Entropy measures are sometimes unable to find significant differences among time series from disjoint clusters. This can be due to a sub-optimal parameter configuration, specific signal features, or simply because the method chosen is not appropriate for that purpose in that specific context. However, despite not finding statistically significant differences, classification results are frequently well over simple guessing, and such results are almost meaningful. Taking advantage of the fact that each measure is usually more focused on a specific region of the parameter space, we hypothesized that a combination of uncorrelated statistics could arguably improve the individual classification results achieved by each one independently and reach a suitable significance level. With that purpose in mind, we analyzed the classification performance of a logistic model built from two entropy statistics, PE and ApEn/SampEn.

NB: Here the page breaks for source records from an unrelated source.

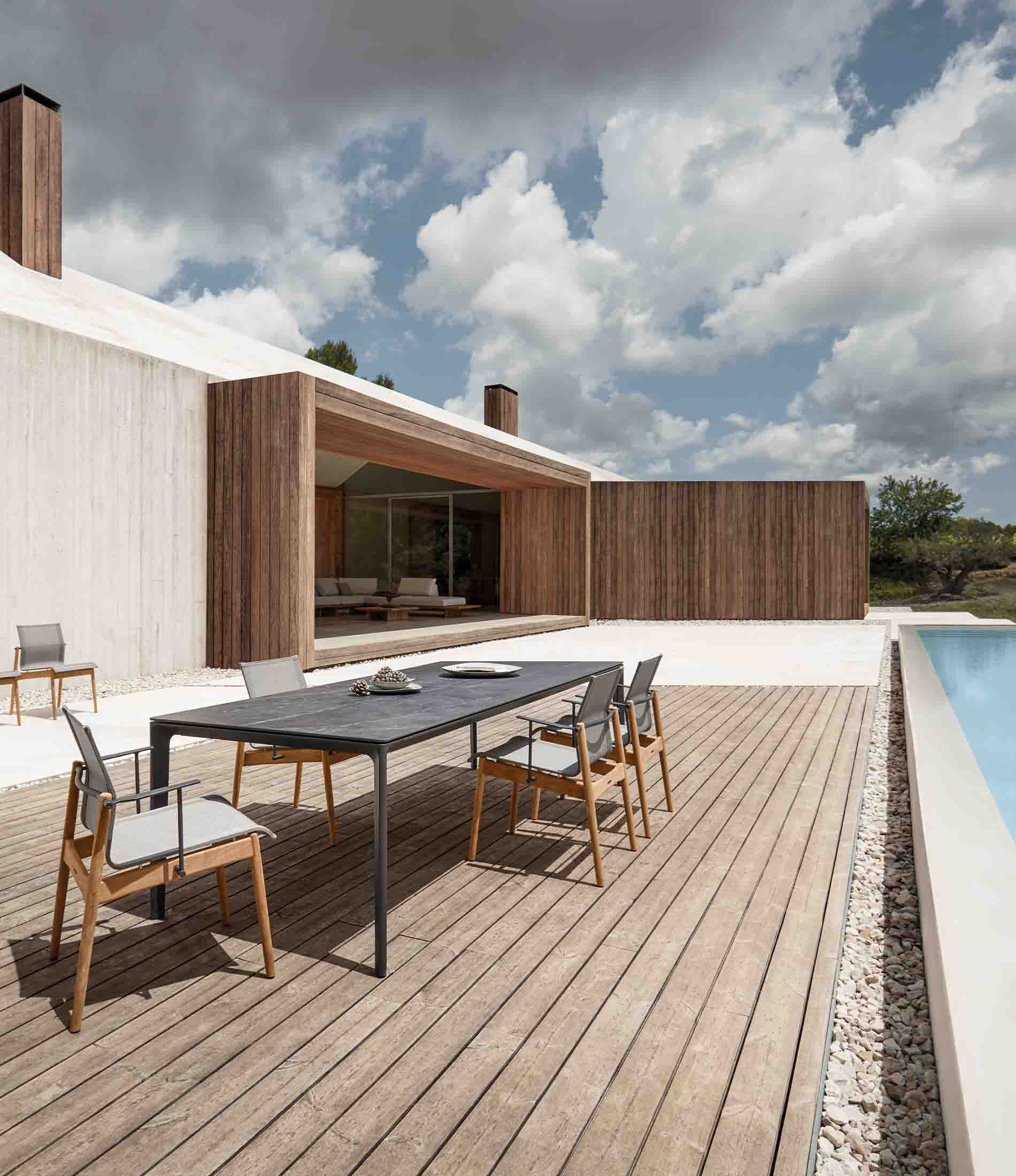 The Gloster Carver Large Dining Table combines modern sophistication with long-lasting durability, making it a stunning centrepiece for any outdoor dining space. Featuring a sleek ceramic Nero tabletop, this table offers a refined aesthetic while providing a smooth, resilient surface that is easy to maintain. The sturdy, powder-coated aluminum frame ensures exceptional stability and resistance to outdoor elements, allowing it to retain its elegant appearance for years. Designed for functionality and style, the Carver Dining Table is ideal for outdoor gatherings. Its timeless design seamlessly integrates into various outdoor settings, offering versatility that complements contemporary and classic décor. With its durable construction and striking presence, the Gloster Carver Dining Table invests in beauty and practicality, ensuring memorable dining experiences in any outdoor environment.
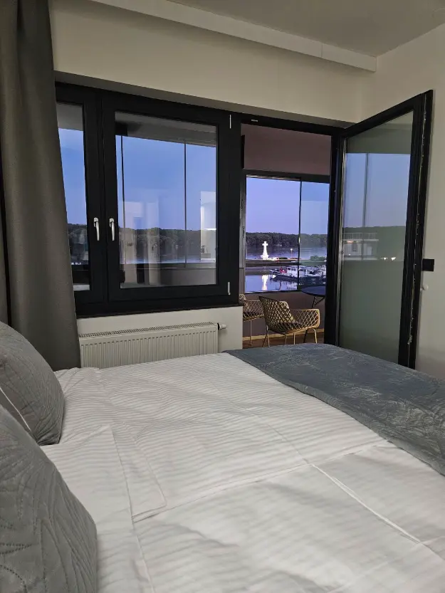 Najveća prednost apartmana je predivan, veliki balkon na kojem se može uživati u pogledu na zimsku luku, šetnicu i Dunav te crkvu sv. Filipa i Jakova i Vodotoranj.
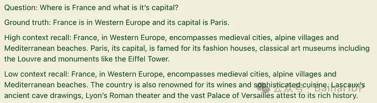 此外,RAGAs 网站[2]还介绍了另外两个指标:Context Precision(译者注:上下文精确度,即生成的模型响应中有多少是与上下文相关的)和 Context Recall(译者注:上下文召回率,生成的模型响应中有多少能够涵盖上下文相关的信息)。
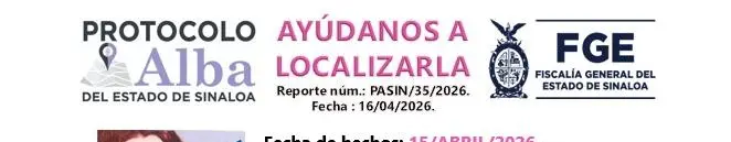 Una agente activa de la Policía Municipal de Navolato fue reportada como desaparecida, por lo que la Fiscalía General del Estado de Sinaloa activó el Protocolo Alba para su localización.
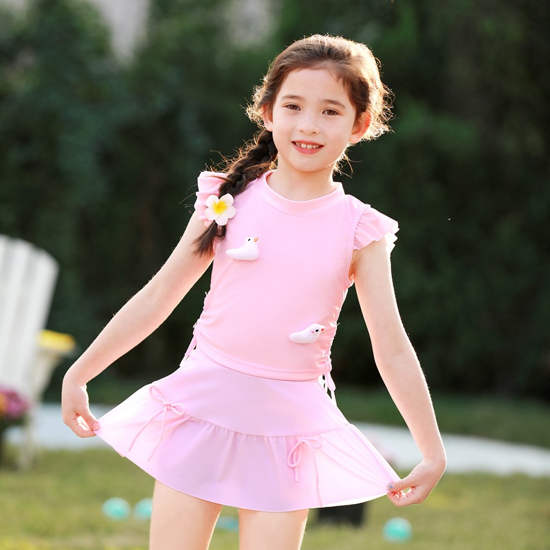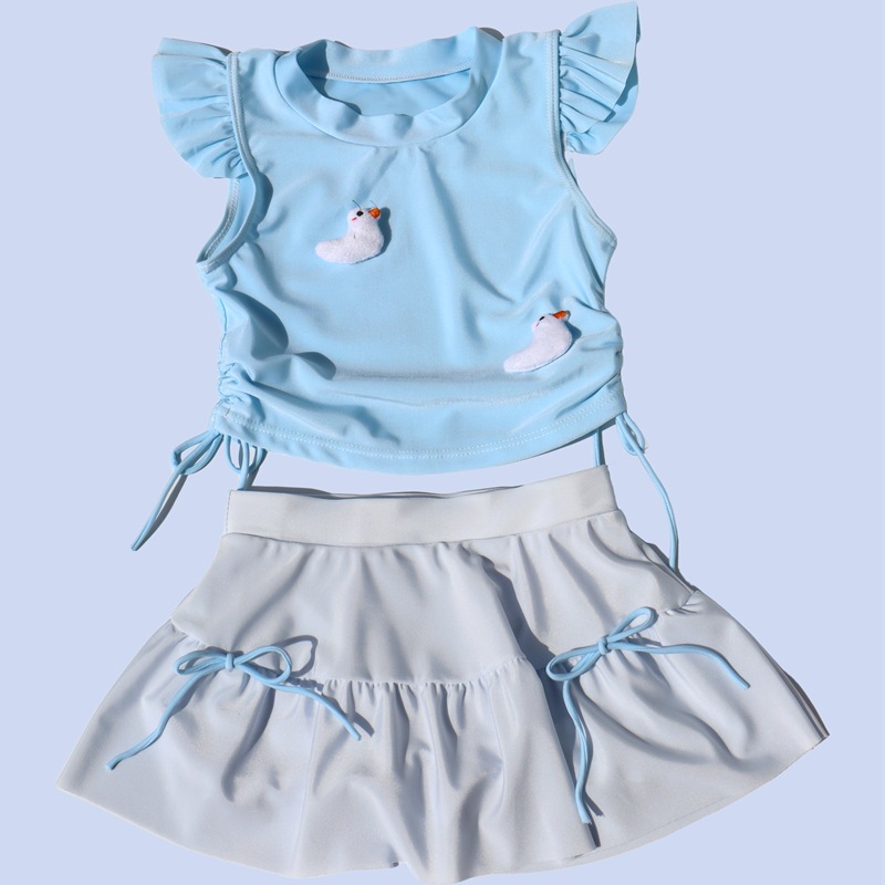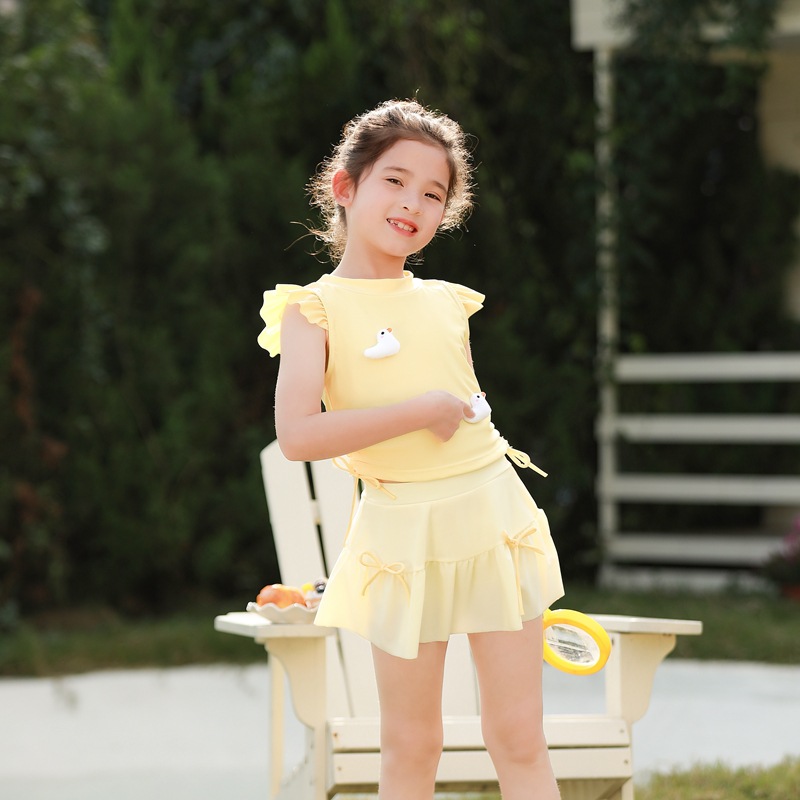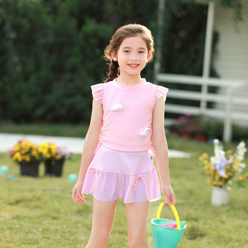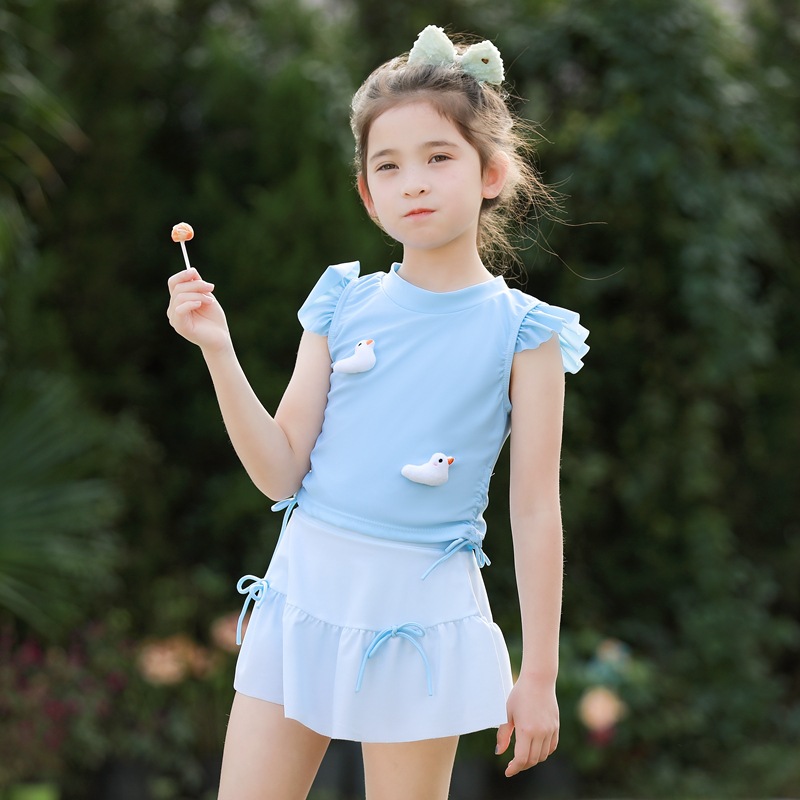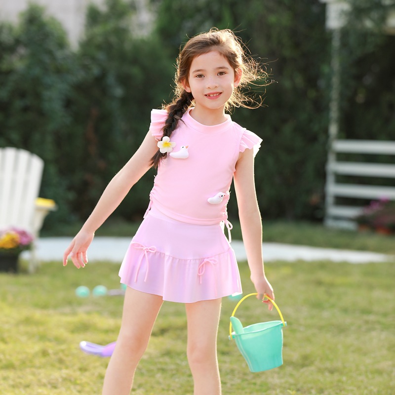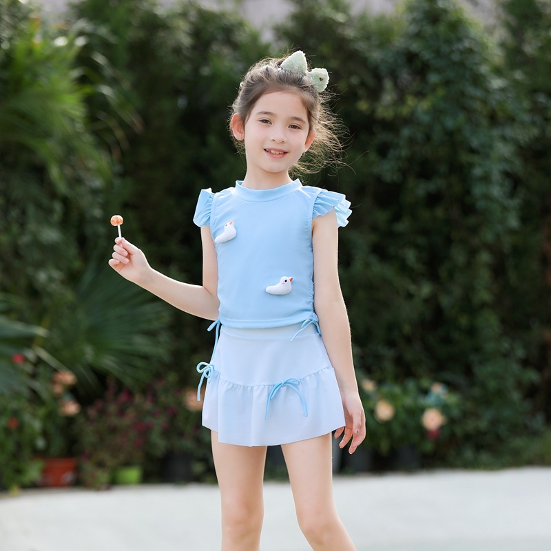 어린이 수영복 여아 중소 어린이 새 서양식 아기 소녀 분할 수영복 어린이 오리 비행 슬리브 수영복

These two measures look at different relationships of the information in the time series: ordinal or amplitude variations. Separately, they were less capable of tackling the difficult problem of body temperature time series classification (83% and 73% accuracy, respectively), but together the accuracy of the classification rose to 93% and 90% using a LOO approach. It is important to note that the main goal of this work was not to determine the exact percentage of correctly assigned objects was not the main goal of this work but to demonstrate that a combined approach can improve the baseline performance, however high or low it is already. This scheme could be applied to other classification problems where independent measures achieve borderline results if applied in isolation. The exploitation of possible synergies between different methods is a novel approach that has not been applied very extensively so far, and could open doors to more accurate methods.

29 in total

1. Permutation entropy: a natural complexity measure for time series.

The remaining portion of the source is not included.